Previously we have shown MGTA-117 elicits potent cytotoxicity on both primary human CD34+ cells and a CD117+ AML cell line in vitro. In hNSG mice, a single dose (0.1 mg/kg) of MGTA-117 selectively depleted ≥95% human HSPCs (Figures 1A and B).

To demonstrate anti-leukemic activity of MGTA-117, we studied it in multiple human leukemic xenograft murine models that mimic untreated and refractory AML, including both cell line derived (Kasumi-1, CD117-expressing leukemia cell line, in NSG mice) and patient derived (AML PDX 1: J000106134, treatment naïve AML PDX and AML PDX 2: J000106132, heavily pretreated relapsed refractory AML PDX in NSG-SGM3 mice) xenograft models.

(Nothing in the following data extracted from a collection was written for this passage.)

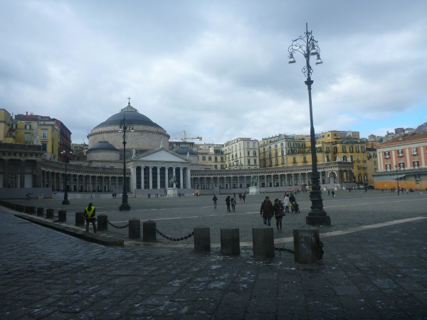Die der beeindruckenden Piazza Plebiscito zugewandte Seite des Königspalastes ist komplett eingehüllt. Nicht Christo ist hier am Werk, sondern einfache Bauarbeiter. Noch ein guter Zehner liegt vor uns.
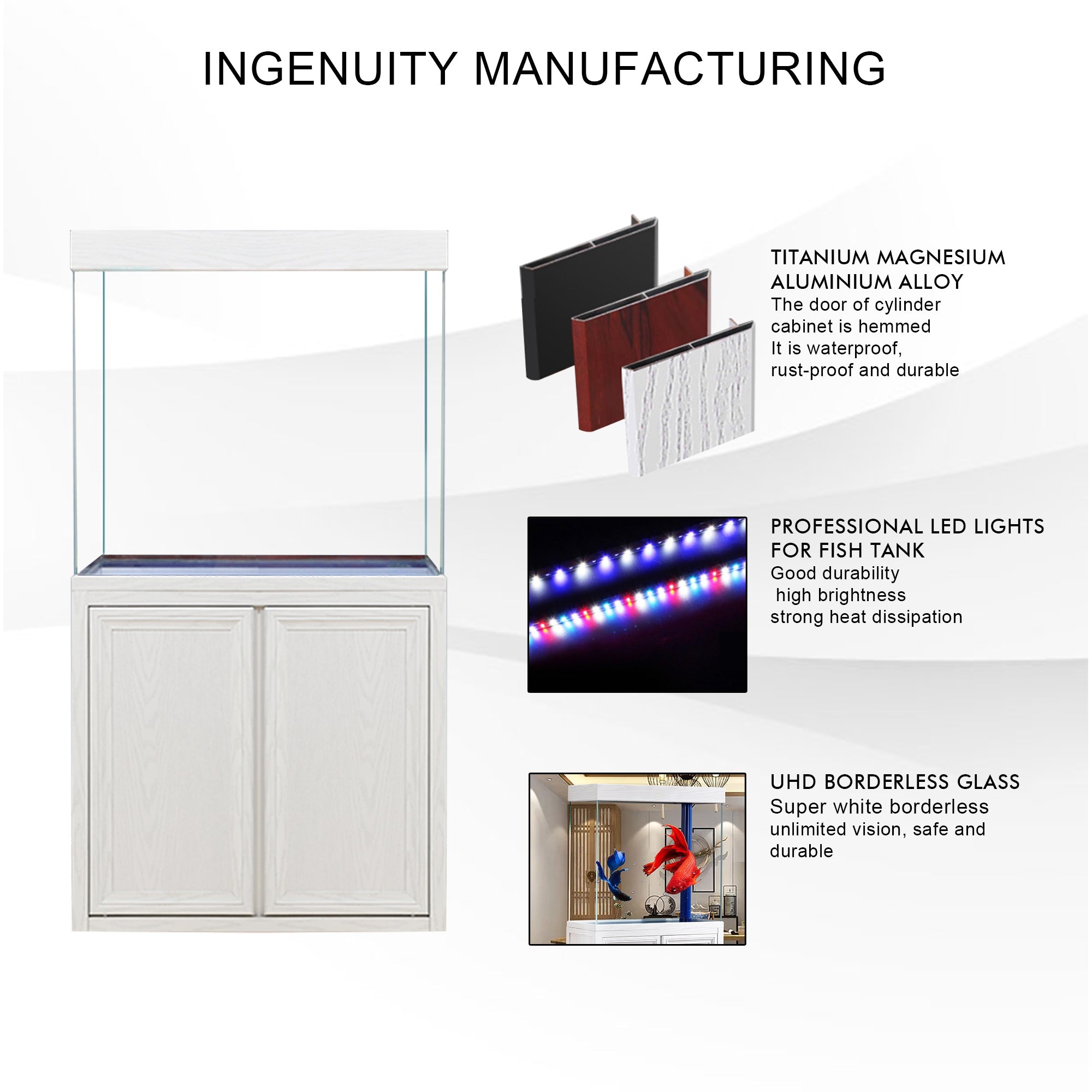 The fish tank is made of high-quality low-iron tempered ultra-white transparent glass ("crystal glass"), with a light transmittance of >91.5% for a clearer-looking tank that is more resistant to scratches and fingerprints. Robust ~0.315 inches thick glass paneling allows the tank to easily withstand the impact of everyday use as well as increase acid and alkali resilience. Each panel is bonded by a German high-endurance biophilic silica gel which can resist saltwater erosion for up to 20 years.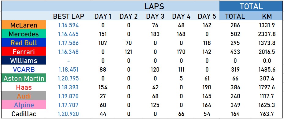 Oltre 500 giri, 300km in più di Ferrari e una marea rispetto agli altri, i tempi arrivavano facile e Russell ha fatto segnare il suo crono un giorno prima degli altri, con una pista più fredda e meno gommata.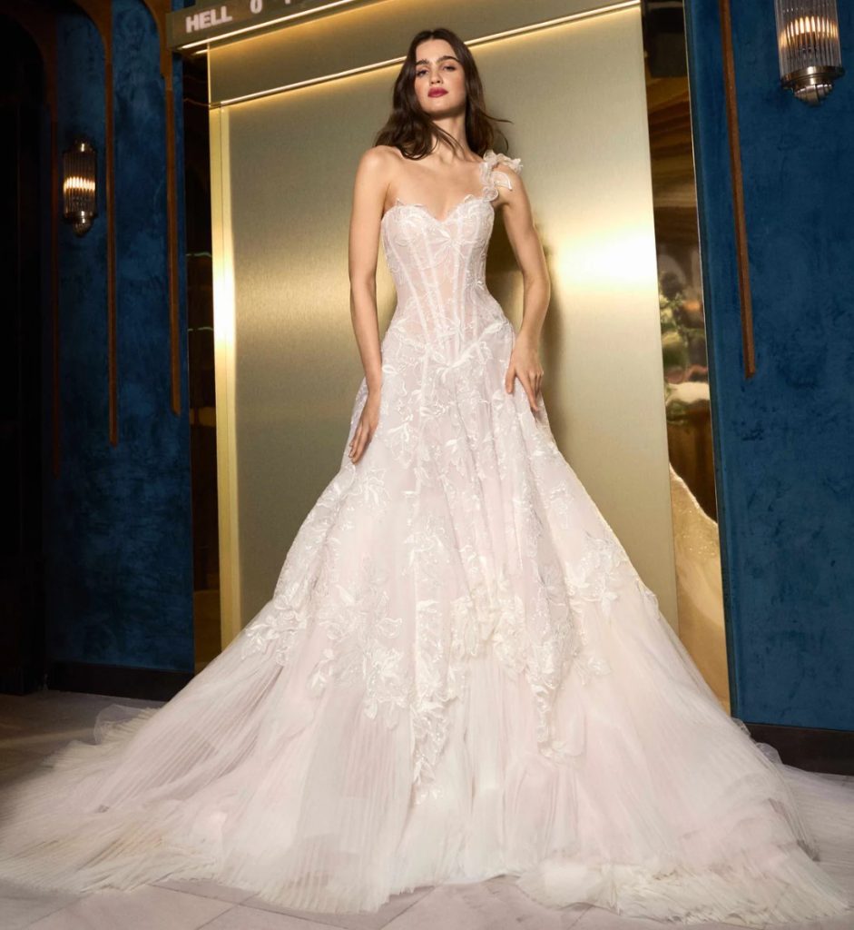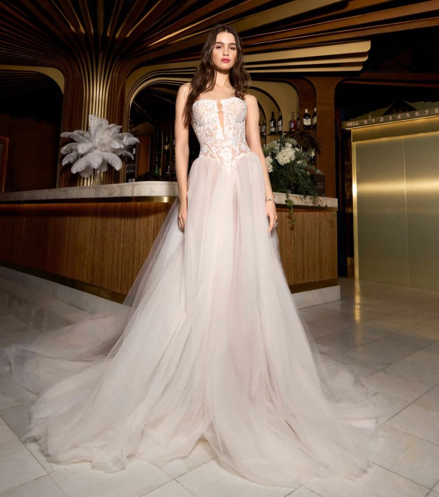 Ancora ispirazione ai ruggenti anni Venti, che prendono vita in “Bellini”, ancora della collezione sposa Galia Lahav Gala Spring 2026; abito rosa ghiaccio A-line in  pizzo scintillante e tulle plissettato. Un corsetto a vita bassa aggiunge struttura, fondendo il fascino vintage con l'allure moderna.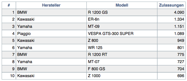 Ups…nur noch Platz 3 (aber über 1.000 Maschinchen) und BMW wird mir langsam unheimlich (da kann was nicht stimmen… die schummeln doch). Und die MT-07 hätte ich deutlich vor der ER6N (Platz 2) erwartet… http://files.vogel.de/vogelonl…e/issues/bub/2014/004.pdf und nachdem Kawasaki trotz mäßiger Presse plötzlich mit 3 Motorrädern unter die ersten 10 rutscht riecht auch verdächtig (außer es sind all die armen, die keine MT mehr bekommen haben oder nicht warten wollten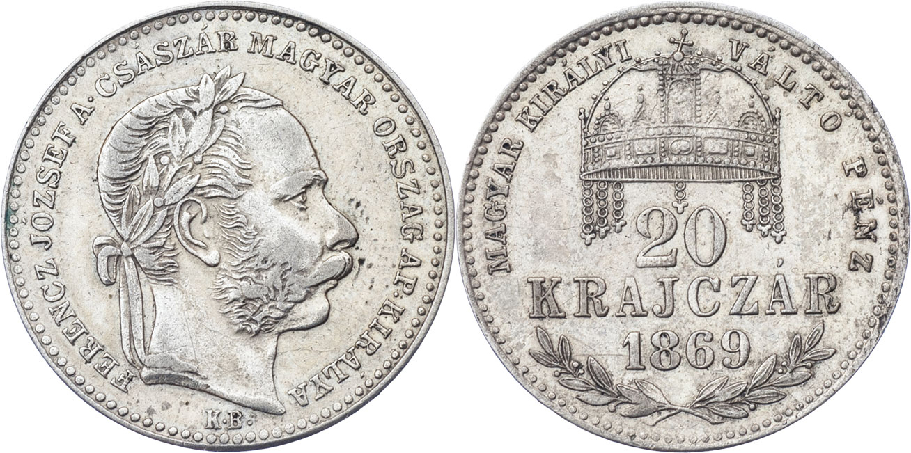 20 Krejcar 1869 KB - dlouhý opis, 2.658g, nep.hr., nep.rysky, pěkná patina R!

MGTA-117 was well-tolerated in all three AML xenograft models both as a single dose (1-10 mg/kg) and as a multi-dose (3 mg/kg QODx2) regimen. In the Kasumi-1 model (Figure 1C), MGTA-117, both as a single dose (3 & 10 mg/kg) and as a multi-dose (3 mg/kg QODx2), resulted in a 2.4-2.7-fold increase in median survival compared to vehicle (PBS), isotype-ADC, or standard of care (SOC) cytarabine (ARA-C, 30 mg/kg QDx5). Furthermore, a single dose of MGTA-117 significantly decreased peripheral tumor burden leading to delayed tumor growth resulting in a 2-3.3 fold and 1.3-1.8 fold increase in median survival in the treatment naïve AML PDX 1 and highly pretreated AML PDX 2 models (respectively) compared to vehicle, isotype-ADC and SOC. ARA-C treatment demonstrated a modest improvement in survival in both the AML PDX 1 (1.3 fold), AML PDX 2 (1.3 fold) models compared to control.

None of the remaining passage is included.